Google used its Cloud Next event to recast Workspace as more than a set of office apps. The company introduced Workspace Intelligence, a new layer built to automate routine work across Gmail, Calendar, Chat, Docs, Sheets and Drive, turning the familiar productivity suite into a system that can prepare, organize and draft material with far less manual input.

The clearest example came in Sheets. Google said users can prompt Gemini to construct spreadsheets and even fill in cells automatically through prompt-based filling. It also said the system can turn unstructured data into organized tables, a shift that moves the tool beyond recommendations and into direct task execution. Google said that approach can make spreadsheet creation and data entry nine times faster than doing the work by hand.

AI-generated illustration

Docs received a similar expansion. Users can ask Gemini to generate, write, refine or match their own style, which effectively turns the document editor into a drafting partner rather than a blank page. The system can also pull context from a user’s Workspace content, including Gmail, Calendar, Chat and Drive, along with the internet, to shape output. In practical terms, that means an employee could ask for a meeting brief, a first draft of a memo or a cleaned-up report without manually opening every source file, email thread or calendar invite.
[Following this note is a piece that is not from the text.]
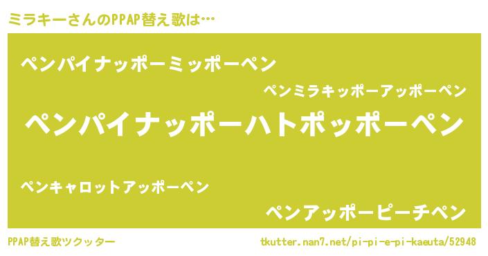 | ヘコむあだ名 | 『ミラキー(小並感)』『豆乳』 |

The business case is clear: Google is trying to own the workflow, not just the software. Enterprise customers remain the prize because they already live inside Workspace every day, giving Google a built-in base as it pushes productivity software toward an AI operating layer. That puts Google in direct competition with Microsoft and a crowded field of startups all trying to become the default interface for office work.

The privacy and control questions are built into the rollout. Google said administrators can decide what data the AI can access, and users can disable access to specific sources at any time. That may reassure some workplaces, but it also shows how much of daily office life Google now wants inside the system. Email, calendars, chat threads, shared drives and spreadsheets are no longer separate steps in a process. They are becoming raw material for an assistant that can assemble the first draft, structure the file and keep the work inside Google’s ecosystem.